▶ **Your assignment**: Extract from the entries below, exactly as given, only the lines from the line containing "Esta sandália deslumbrante" to the line containing "(1)繪制移線路段大比例尺(一般采用1:200—1:50", both lines included.

****************

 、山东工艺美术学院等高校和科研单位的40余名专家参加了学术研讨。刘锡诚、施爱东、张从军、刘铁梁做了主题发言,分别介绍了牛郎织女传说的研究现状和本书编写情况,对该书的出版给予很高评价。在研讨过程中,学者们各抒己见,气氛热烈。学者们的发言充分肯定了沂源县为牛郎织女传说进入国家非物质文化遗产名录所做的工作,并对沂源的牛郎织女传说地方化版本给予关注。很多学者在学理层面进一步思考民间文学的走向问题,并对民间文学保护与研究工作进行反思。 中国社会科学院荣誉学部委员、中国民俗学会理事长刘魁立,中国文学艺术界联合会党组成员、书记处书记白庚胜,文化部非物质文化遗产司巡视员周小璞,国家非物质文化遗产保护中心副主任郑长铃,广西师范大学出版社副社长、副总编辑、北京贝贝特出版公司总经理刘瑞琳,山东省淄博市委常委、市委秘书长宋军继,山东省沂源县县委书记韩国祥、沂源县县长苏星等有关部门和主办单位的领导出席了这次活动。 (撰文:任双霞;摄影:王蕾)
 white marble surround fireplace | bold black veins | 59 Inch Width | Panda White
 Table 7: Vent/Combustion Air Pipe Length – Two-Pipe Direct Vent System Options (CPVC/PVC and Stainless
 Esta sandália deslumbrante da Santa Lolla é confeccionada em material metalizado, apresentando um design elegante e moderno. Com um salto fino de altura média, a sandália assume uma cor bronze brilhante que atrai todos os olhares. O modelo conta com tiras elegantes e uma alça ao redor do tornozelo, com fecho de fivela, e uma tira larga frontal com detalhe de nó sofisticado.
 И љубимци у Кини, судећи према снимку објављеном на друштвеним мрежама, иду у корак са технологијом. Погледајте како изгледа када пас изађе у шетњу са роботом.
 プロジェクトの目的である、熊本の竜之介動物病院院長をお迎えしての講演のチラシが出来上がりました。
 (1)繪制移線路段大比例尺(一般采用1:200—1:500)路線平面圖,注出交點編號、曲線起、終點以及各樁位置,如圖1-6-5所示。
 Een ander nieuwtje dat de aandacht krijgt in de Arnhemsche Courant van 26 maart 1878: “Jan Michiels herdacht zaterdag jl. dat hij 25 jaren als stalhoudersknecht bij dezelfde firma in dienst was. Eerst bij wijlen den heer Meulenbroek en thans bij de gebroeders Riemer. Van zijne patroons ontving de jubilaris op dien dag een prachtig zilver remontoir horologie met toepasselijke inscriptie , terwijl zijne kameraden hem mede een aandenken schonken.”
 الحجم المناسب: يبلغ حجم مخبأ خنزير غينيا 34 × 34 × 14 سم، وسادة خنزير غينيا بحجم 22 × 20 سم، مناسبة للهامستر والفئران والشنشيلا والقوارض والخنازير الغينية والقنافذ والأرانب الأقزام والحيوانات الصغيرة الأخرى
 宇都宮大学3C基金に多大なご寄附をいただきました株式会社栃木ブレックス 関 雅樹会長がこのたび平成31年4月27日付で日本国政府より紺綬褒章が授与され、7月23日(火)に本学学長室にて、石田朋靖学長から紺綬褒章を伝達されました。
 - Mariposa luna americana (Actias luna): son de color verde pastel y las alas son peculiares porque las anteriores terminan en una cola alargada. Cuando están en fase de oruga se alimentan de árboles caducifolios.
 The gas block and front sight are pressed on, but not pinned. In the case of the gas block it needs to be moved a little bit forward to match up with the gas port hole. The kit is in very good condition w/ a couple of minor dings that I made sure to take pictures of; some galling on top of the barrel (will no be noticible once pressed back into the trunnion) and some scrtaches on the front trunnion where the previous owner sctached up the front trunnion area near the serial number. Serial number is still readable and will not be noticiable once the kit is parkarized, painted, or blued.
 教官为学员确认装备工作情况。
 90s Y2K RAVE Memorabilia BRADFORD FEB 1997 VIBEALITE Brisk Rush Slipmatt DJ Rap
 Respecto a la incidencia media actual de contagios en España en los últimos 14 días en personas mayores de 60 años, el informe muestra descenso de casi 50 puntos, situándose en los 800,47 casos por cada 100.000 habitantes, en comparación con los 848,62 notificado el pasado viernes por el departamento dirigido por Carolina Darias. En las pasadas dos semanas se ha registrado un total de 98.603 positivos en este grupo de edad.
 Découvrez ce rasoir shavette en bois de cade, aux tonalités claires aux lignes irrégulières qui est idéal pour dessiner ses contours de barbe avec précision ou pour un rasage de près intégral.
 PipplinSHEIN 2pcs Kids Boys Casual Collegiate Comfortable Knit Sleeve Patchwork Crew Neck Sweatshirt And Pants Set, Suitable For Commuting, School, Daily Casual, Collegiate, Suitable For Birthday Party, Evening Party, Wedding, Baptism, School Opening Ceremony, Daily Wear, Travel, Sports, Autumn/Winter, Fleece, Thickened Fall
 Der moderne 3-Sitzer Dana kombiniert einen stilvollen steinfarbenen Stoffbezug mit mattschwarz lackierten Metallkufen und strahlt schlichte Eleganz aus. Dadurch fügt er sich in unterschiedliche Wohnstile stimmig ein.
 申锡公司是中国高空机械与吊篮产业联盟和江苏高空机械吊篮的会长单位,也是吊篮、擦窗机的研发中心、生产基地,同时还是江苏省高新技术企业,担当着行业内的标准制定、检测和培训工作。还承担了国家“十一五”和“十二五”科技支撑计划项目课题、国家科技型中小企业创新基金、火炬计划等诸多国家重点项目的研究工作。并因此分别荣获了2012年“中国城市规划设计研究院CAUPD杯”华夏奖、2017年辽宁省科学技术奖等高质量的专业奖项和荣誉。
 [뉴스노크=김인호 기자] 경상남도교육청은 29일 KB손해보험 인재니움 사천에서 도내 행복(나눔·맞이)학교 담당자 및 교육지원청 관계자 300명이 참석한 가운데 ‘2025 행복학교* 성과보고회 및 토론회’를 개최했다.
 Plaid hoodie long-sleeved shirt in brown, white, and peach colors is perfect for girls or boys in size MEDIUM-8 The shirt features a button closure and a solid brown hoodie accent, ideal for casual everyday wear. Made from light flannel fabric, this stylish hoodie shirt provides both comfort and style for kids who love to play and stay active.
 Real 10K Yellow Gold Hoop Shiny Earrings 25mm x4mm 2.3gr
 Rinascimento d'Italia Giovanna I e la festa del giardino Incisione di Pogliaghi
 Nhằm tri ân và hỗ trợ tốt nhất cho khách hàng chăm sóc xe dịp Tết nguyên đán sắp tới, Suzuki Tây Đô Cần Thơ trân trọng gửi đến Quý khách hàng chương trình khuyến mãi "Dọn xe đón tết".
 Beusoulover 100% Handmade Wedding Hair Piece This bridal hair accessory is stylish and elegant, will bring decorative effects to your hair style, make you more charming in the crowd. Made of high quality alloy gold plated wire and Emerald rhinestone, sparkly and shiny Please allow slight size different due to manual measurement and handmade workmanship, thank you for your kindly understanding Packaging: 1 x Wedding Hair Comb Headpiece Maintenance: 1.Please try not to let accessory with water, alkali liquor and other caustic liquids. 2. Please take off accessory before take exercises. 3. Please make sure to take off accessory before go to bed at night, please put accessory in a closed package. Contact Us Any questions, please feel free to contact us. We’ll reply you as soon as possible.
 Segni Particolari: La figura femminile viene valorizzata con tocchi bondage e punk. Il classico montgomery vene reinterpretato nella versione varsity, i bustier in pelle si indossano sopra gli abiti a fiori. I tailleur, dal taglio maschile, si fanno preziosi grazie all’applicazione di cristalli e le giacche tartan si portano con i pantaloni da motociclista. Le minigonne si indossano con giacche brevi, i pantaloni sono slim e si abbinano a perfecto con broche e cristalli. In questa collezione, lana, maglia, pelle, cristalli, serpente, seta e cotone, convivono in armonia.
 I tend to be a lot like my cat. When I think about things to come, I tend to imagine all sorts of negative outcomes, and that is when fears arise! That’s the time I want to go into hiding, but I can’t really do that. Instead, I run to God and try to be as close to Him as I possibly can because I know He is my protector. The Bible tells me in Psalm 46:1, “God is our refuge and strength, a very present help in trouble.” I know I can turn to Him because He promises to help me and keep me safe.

****************

▶ **Task answer**:
 Esta sandália deslumbrante da Santa Lolla é confeccionada em material metalizado, apresentando um design elegante e moderno. Com um salto fino de altura média, a sandália assume uma cor bronze brilhante que atrai todos os olhares. O modelo conta com tiras elegantes e uma alça ao redor do tornozelo, com fecho de fivela, e uma tira larga frontal com detalhe de nó sofisticado.
 И љубимци у Кини, судећи према снимку објављеном на друштвеним мрежама, иду у корак са технологијом. Погледајте како изгледа када пас изађе у шетњу са роботом.
 プロジェクトの目的である、熊本の竜之介動物病院院長をお迎えしての講演のチラシが出来上がりました。
 (1)繪制移線路段大比例尺(一般采用1:200—1:500)路線平面圖,注出交點編號、曲線起、終點以及各樁位置,如圖1-6-5所示。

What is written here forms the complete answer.